I think they only come in 223 and 308 but I have looked online and all I get is the retail information i guess I going to buy a box and just see for my self


----------



## ABBYS DAD (Oct 2, 2012)

my brother is carrying them on his trip down to ossabaw island this week. i will post the results when he gets back. he's carrying an m4 .223.


----------



## Outdoorsman17 (Oct 4, 2012)

I haven't found them in any stores yet, Bass Pro or Academy.


----------



## guntrader33 (Oct 4, 2012)

I havnt seen any in stores yet either i was going to order me some and please post any results with them man


----------



## ABBYS DAD (Oct 4, 2012)

academy in hiram has them and also some walmart locations.


----------



## idsman75 (Oct 10, 2012)

MidwayUSA has them in stock.


----------



## ABBYS DAD (Oct 10, 2012)

my brother shot a hog down at ossabaw island last week using that round. said it made a perfect star shaped mushroom pattern through the hogs heart.


----------



## Chase4556 (Oct 11, 2012)

I wonder if they would penetrate too much to use on something like deer. I am trying to figure out which of these higher grain bullets my AR likes to shoot, and I will be using it for hogs and deer. So far it likes the 60 grain federal premium nosler partition, and the 62 grain fusions. I want to try the 64 grain Federal power shok, the razorbacks, and the winchester power max.

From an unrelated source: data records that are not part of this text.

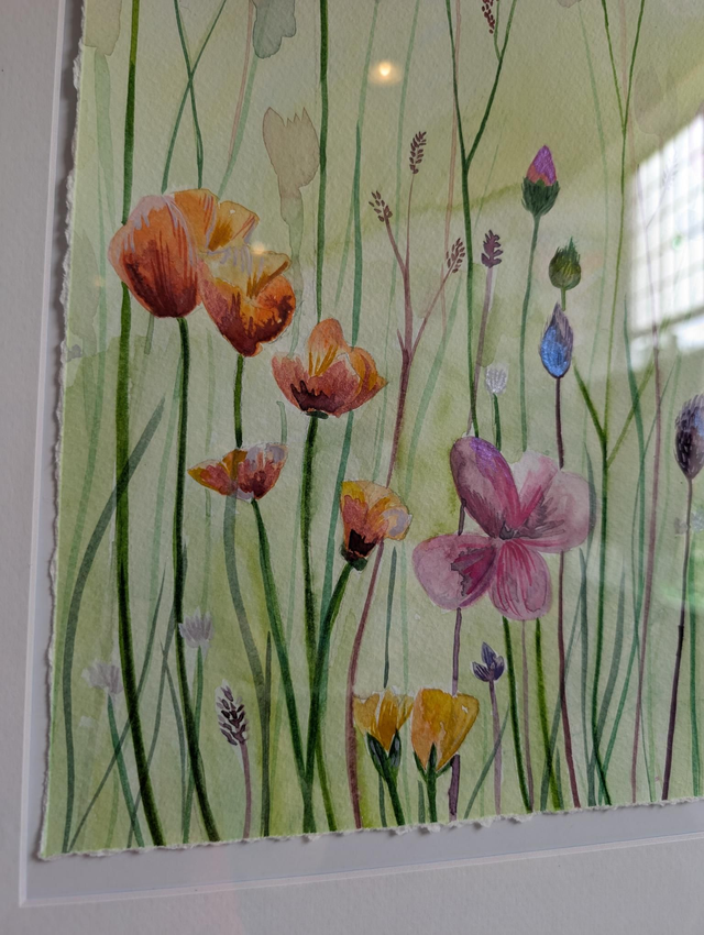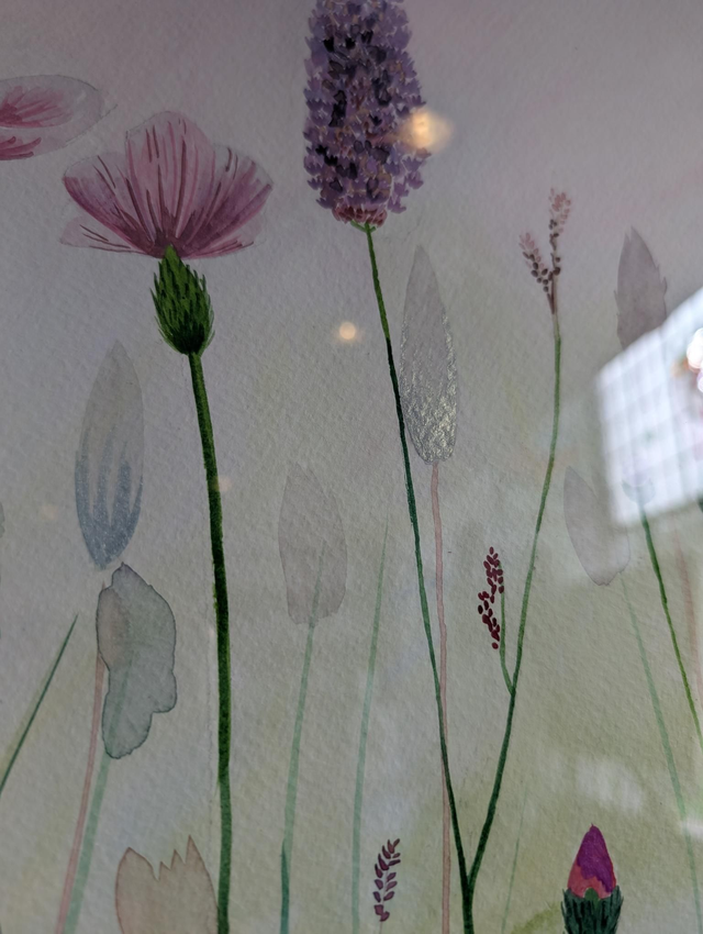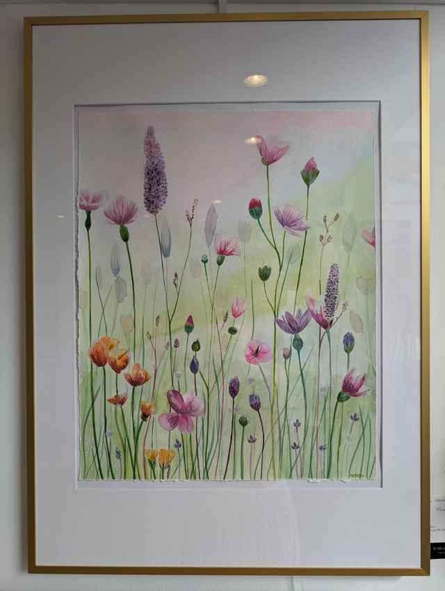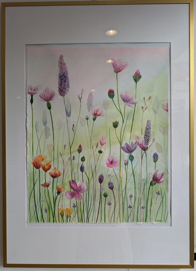 From my new series of watercolour metallics, capturing a meadow with a different perspective. Only one available, comes framed.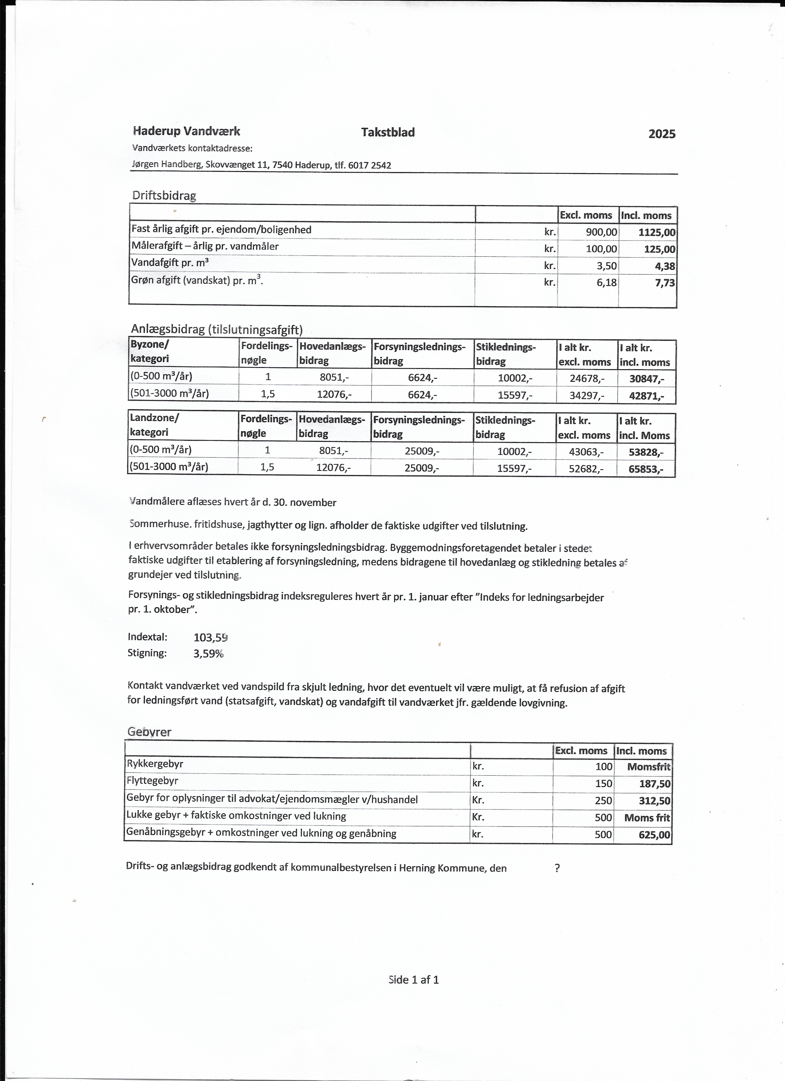 Haderup Vand Takstblad 2025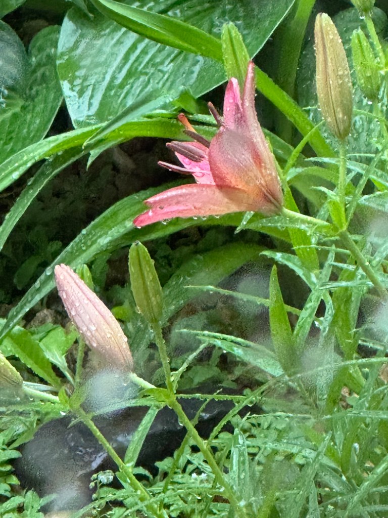 This morning, I was treated to a fully opened peach Asian lily and the first opened hosta blooms.
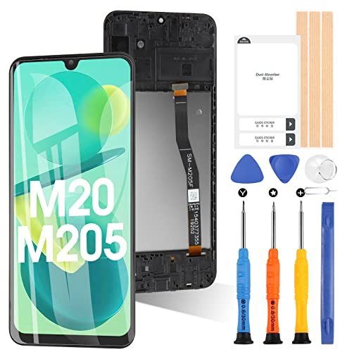 ARSSLY OLED LCD Schermo per Samsung Galaxy M20 M205 6,3" Display per SM-M205F SM-M205FN SM-M205G SM-M205M SM-M205N Digitazer Touch Screen Assembly con Strumenti(Nero con Cornice)
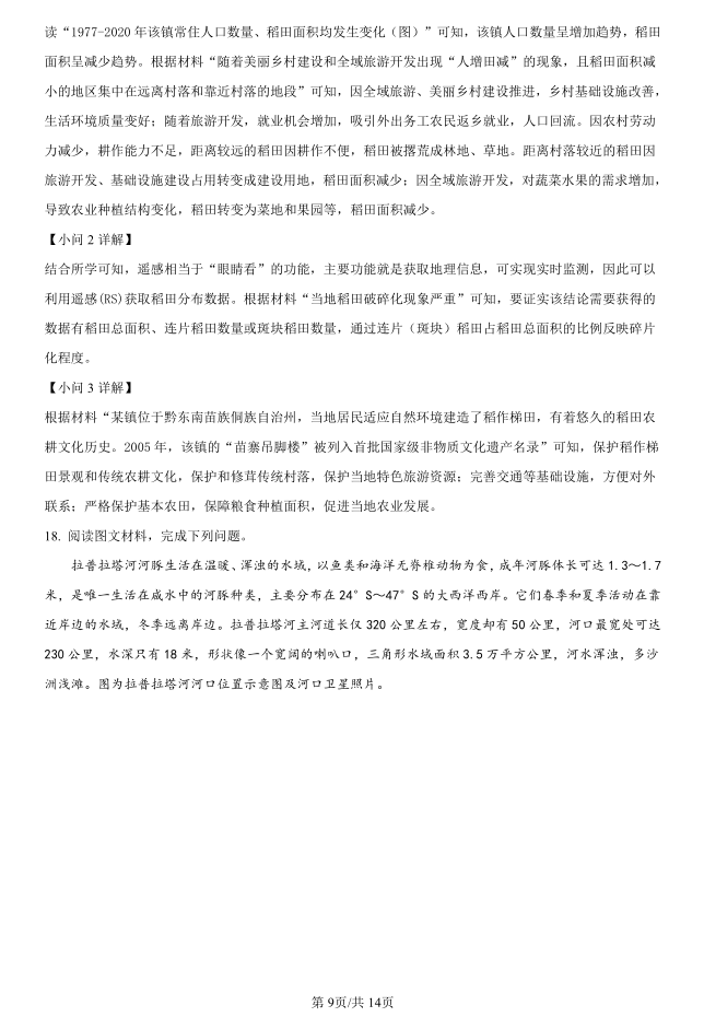 2023年湖南省常德市高三年级模拟考试(常德二模)地理试题答案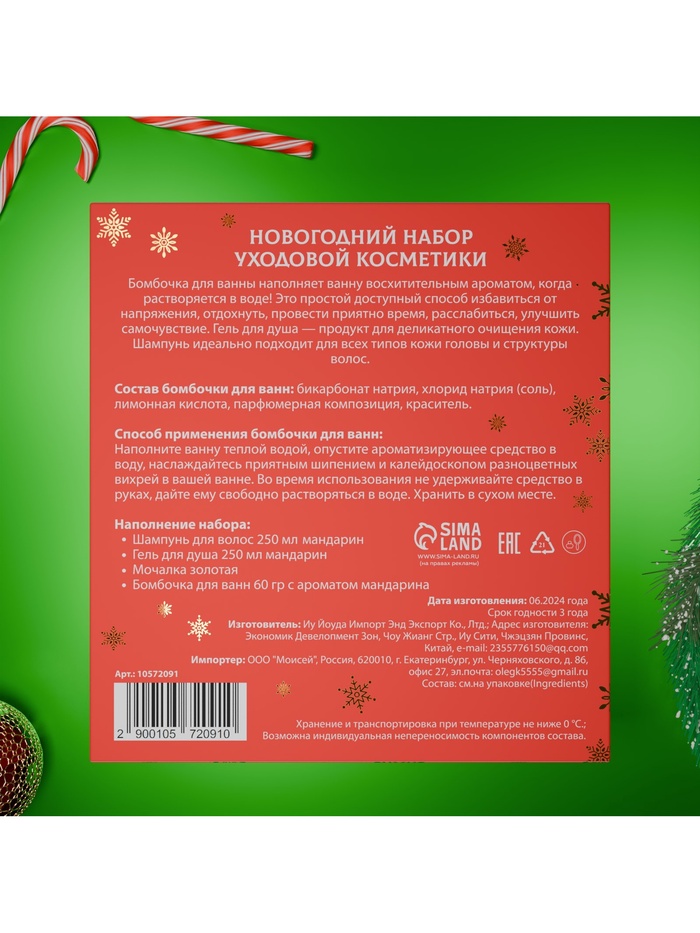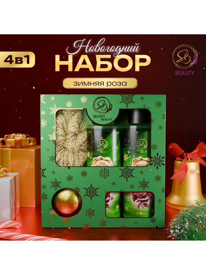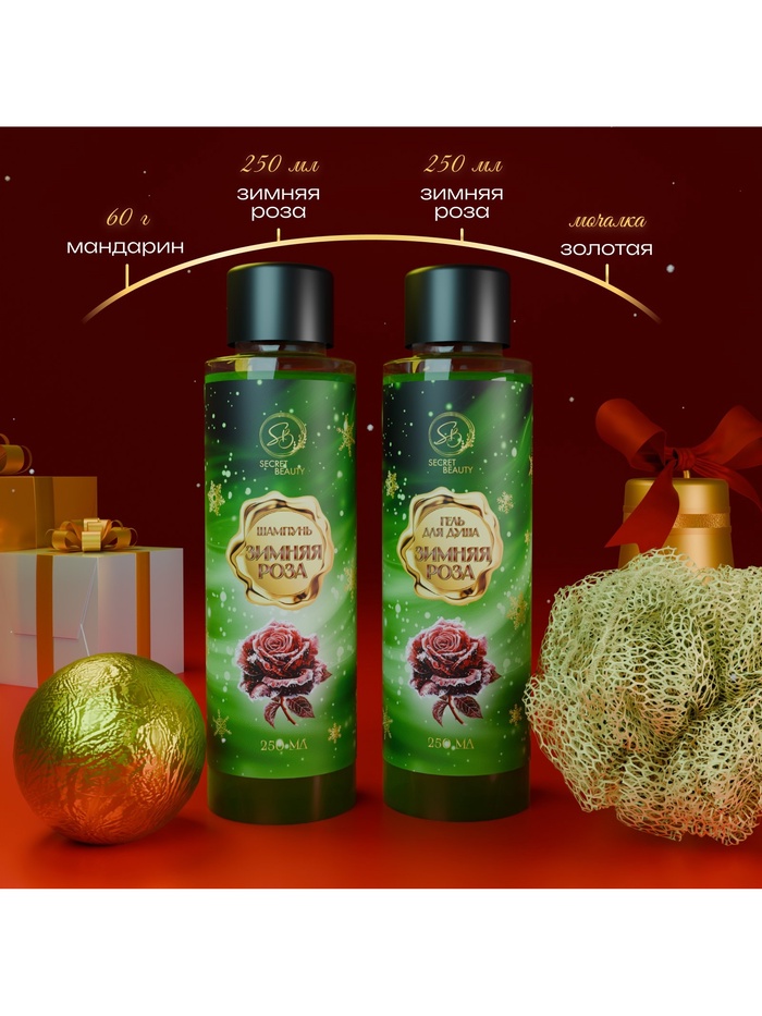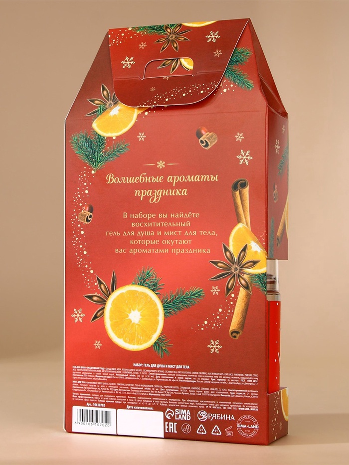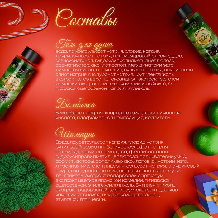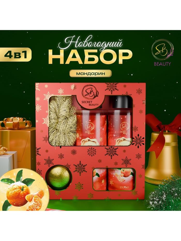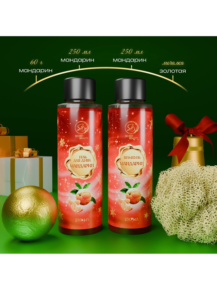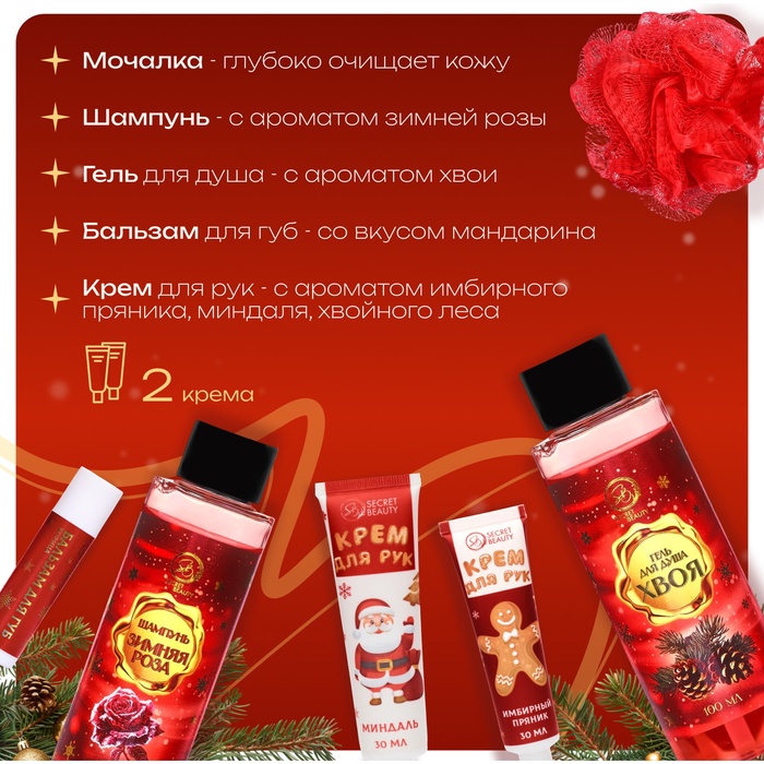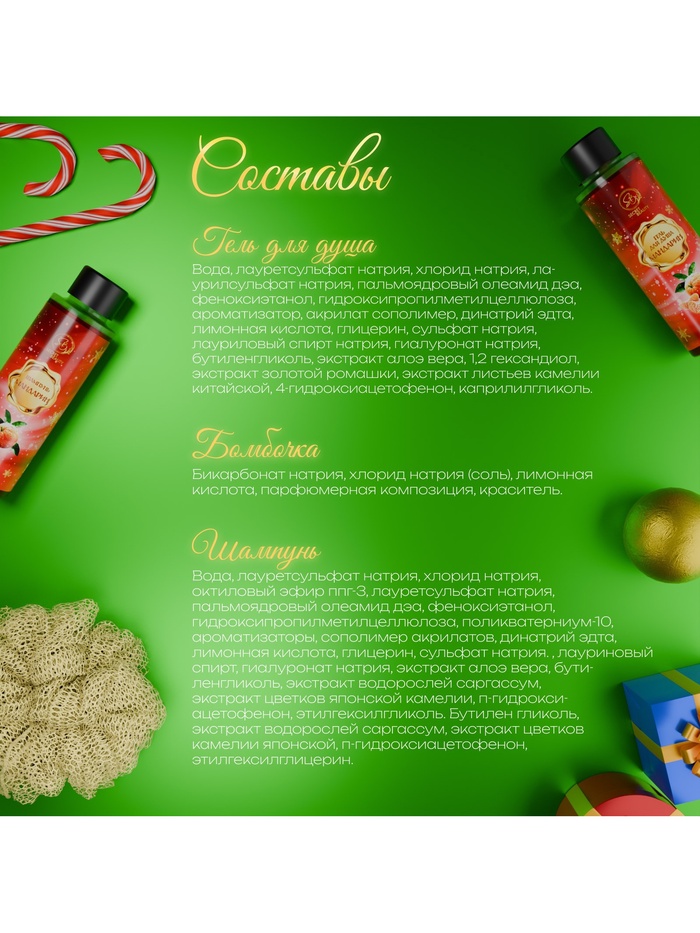 Новогодний подарочный набор косметики SB BEAUTY, гель для душа, шампунь, бомбочка, мочалка, аромат мандарина, корицы и имбирного печенья 5 фото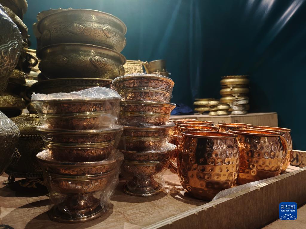 這是藏博會上的尼泊爾銅器展示點(diǎn)位。新華社記者 劉洲鵬 攝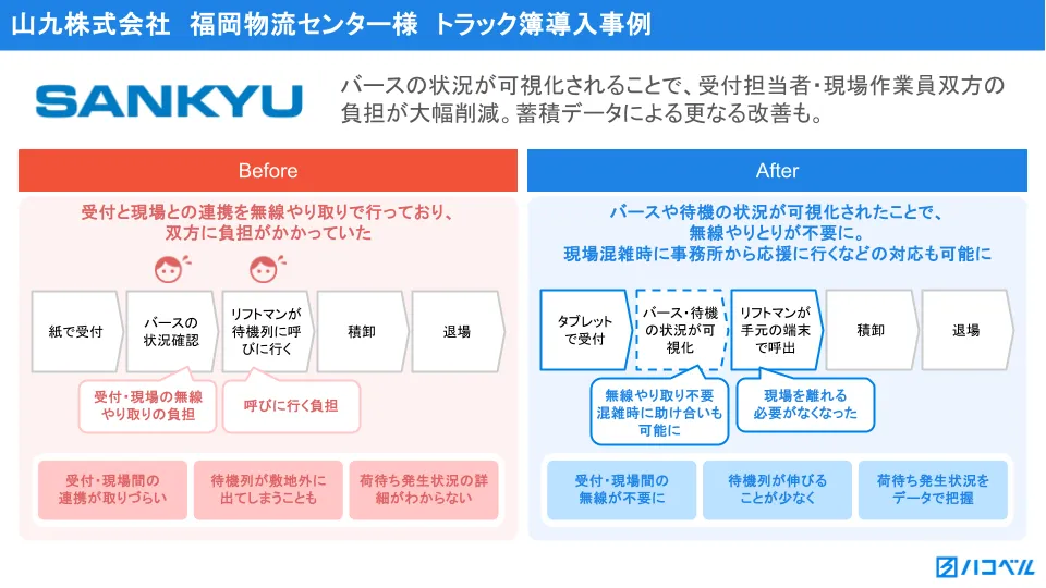 物流業界において、総合効率化法の施行に伴いトラックの荷待ち時間や荷役時間の削減が求められる中、山九株式会社は、隣接する福岡物流センターと第二福岡物流センターに「トラック簿」を導入することを決定しました。その理由として、他のシステムと比較し、受付業務がシンプルに利用できること、導入コストが低かったことが挙げられます。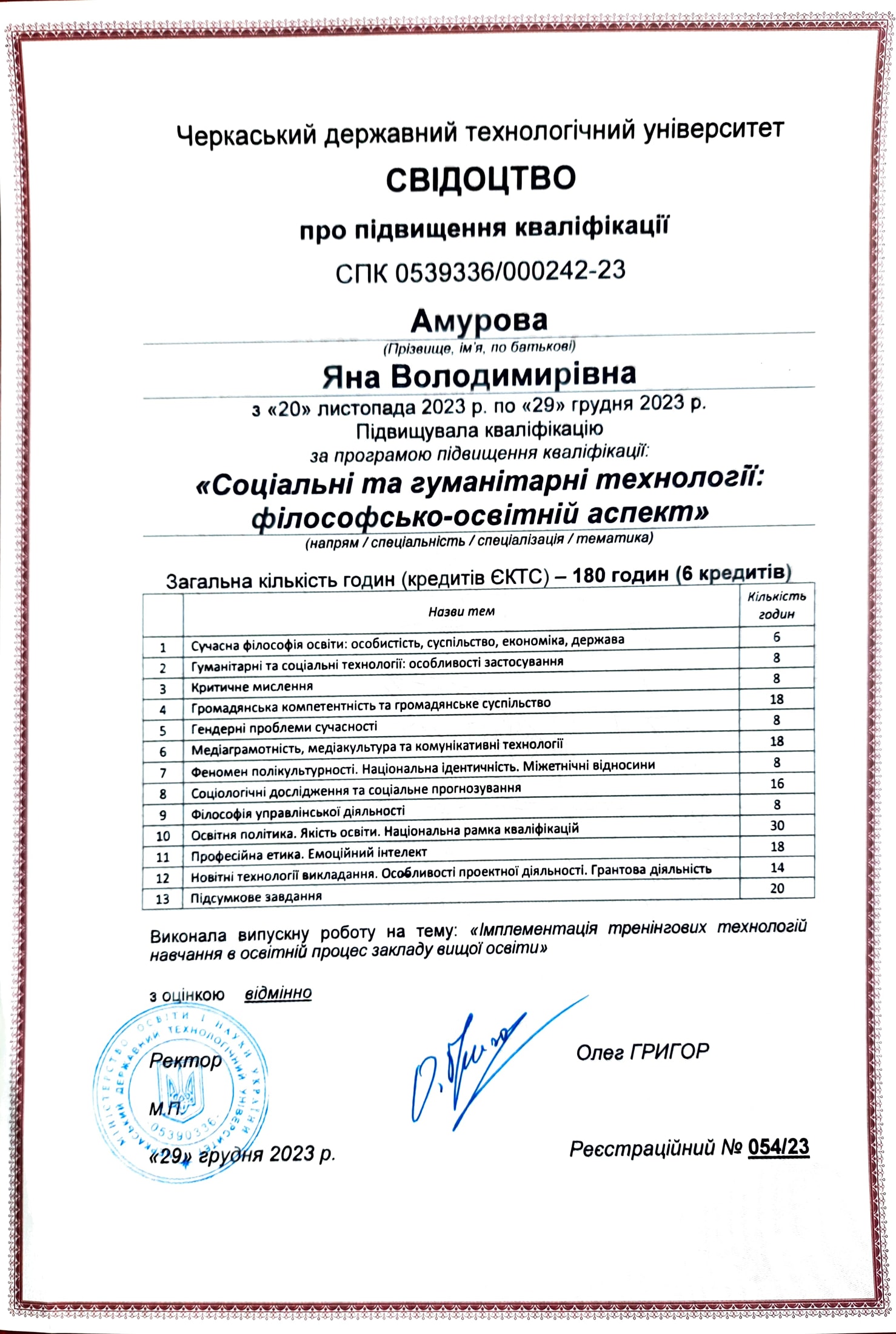 З 20 листопада по 29 грудня 2023 року пройшла підвищення кваліфікації за темою «Соціальні та гуманітарні технології: філософсько-освітній аспект» (180 годин).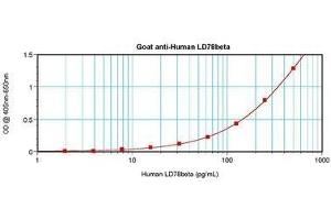 Usage: ELISA: To detect Human LD78beta by sandwich ELISA (using 100 μL/well antibody solution) a concentration of 0.5-2 μg/mL of this antibody is required. This antigen affinity purified antibody, in conjunction with Biotinylated Anti-Human LD78beta (LS-C104482) as a detection antibody, allows the detection of at least 0.2-0.4 ng/well of recombinant Human LD78beta. Western Blot: To detect Human LD78beta by Western Blot analysis this antibody can be used at a concentration of 0.1-0.2 μg/mL. When used in conjunction with compatible secondary reagents, the detection limit for recombinant Human LD78beta is 1.5-3 ng/lane, under either reducing or non-reducing conditions. -

Anyone had any experience with the above, or with the higher grain Sierra Gameking match grade bullets?


----------



## blackbear (Oct 11, 2012)

The ones i saw for sale were 1.50 a pop..maybe they are true"Magic" bullets....LOL


----------



## 04redmach1 (Oct 30, 2012)

The Hornady vmax 53g is what I am using for deer/hog. From test that a friend has done, they are very good rounds, and so are the 40g  rounds. .223 wise, it's all I play with.


----------



## jamie1231 (Nov 18, 2012)

04redmach1 said:


> The Hornady vmax 53g is what I am using for deer/hog. From test that a friend has done, they are very good rounds, and so are the 40g  rounds. .223 wise, it's all I play with.



Cant go wrong with a Hornady round in any caliber....i shoot the Custom SST 165 gr in my 300 mag and the Custom BTSP 165 gr in my 30-06...i have seen the vmax in a 223 do the job...i personally dont like winchester rounds and never have....never really had good results with em


----------



## JHC (Nov 18, 2012)

Chase4556 said:


> I wonder if they would penetrate too much to use on something like deer. I am trying to figure out which of these higher grain bullets my AR likes to shoot, and I will be using it for hogs and deer. So far it likes the 60 grain federal premium nosler partition, and the 62 grain fusions. I want to try the 64 grain Federal power shok, the razorbacks, and the winchester power max.
> 
> Anyone had any experience with the above, or with the higher grain Sierra Gameking match grade bullets?



I shot a small buck with a single 60 grain Nosler Partition. It performed superbly. Shot straight on in the chest/base of neck ; it created a massive wound channel for the first 5-6" and then penetrated deep back punching a hold through the diaphram and I found it in the stomach. Nicely mushroomed. Total pen I'd estimate about 16-18".


----------



## Chase4556 (Nov 18, 2012)

The 60 grain partitions are what federal loads in their rounds is it not? I shot two.good 8 point bucks using the 60 grain fusions this weekend. I neck shot both of them, and try to do that with all deer. However I want a round that I trust to penetrate if I have to make a vital shot. I will pick up a box of the partitions and see how my rifle likes them.


----------



## bigreddwon (Nov 22, 2012)

I just got 800 rds from Winchester to try out.. I'm going to use them exclusively for the next few weeks and post pictures of the hogs we kill and the wounds. If we can recover any rounds from the hogs I'll post pictures of those as well.. 223's.


----------



## papachaz (Dec 13, 2012)

bigreddwon said:


> I just got 800 rds from Winchester to try out.. I'm going to use them exclusively for the next few weeks and post pictures of the hogs we kill and the wounds. If we can recover any rounds from the hogs I'll post pictures of those as well.. 223's.



did you post this somewhere? I've just bought a box of these myself to use in my AR 15. According to the ballistics charts, there's not enough difference in the ballistics to make any changes to the scope zero, so I shoud be GTG with them. I do intend on doing some shooting just to be sure.

would love to see the write ups, and as someone else asked, wondering if this will be a good deer round, or is it going to pentrate too much without expanding enough on a deer since it was designed with hogs in mind?


----------